- Born: 塚本 望夢 October 6, 2005 (age 20) Kakogawa, Japan
- Other names: Heavenly Kick Kid
- Height: 164 cm (5 ft 5 in)
- Weight: 53 kg (117 lb; 8.3 st)
- Style: Kickboxing
- Stance: Orthodox
- Fighting out of: Kakogawa, Hyōgo, Japan
- Team: Team Bonds
- Years active: 2021—present

Kickboxing record
- Total: 22
- Wins: 15
- By knockout: 6
- Losses: 7
- By knockout: 4

= Momu Tsukamoto =

Japanese kickboxer

Momu Tsukamoto (塚本 望夢, Tsukamoto Momu) is a Japanese kickboxer, currently competing in the RISE promotion.

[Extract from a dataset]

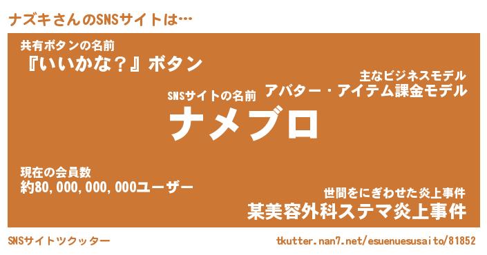 | 意味不明あだ名 | 『ペロリンナズキ』『ナズキフォーエバー』 |

As of June 2025, he was the #9 ranked -53 kg kickboxer in the world according to Beyond Kickboxing.

==Kickboxing career==
===DEEP KICK===
Tsukamoto took part in a one-day DEEP KICK flyweight tournament held at DEEP☆KICK 55 on September 23, 2021. He captured the tournament title with unanimous decision victories over Taisei in the semifinals and Toya Matsuba in the finals, who he knocked down once with a superman punch in the opening round.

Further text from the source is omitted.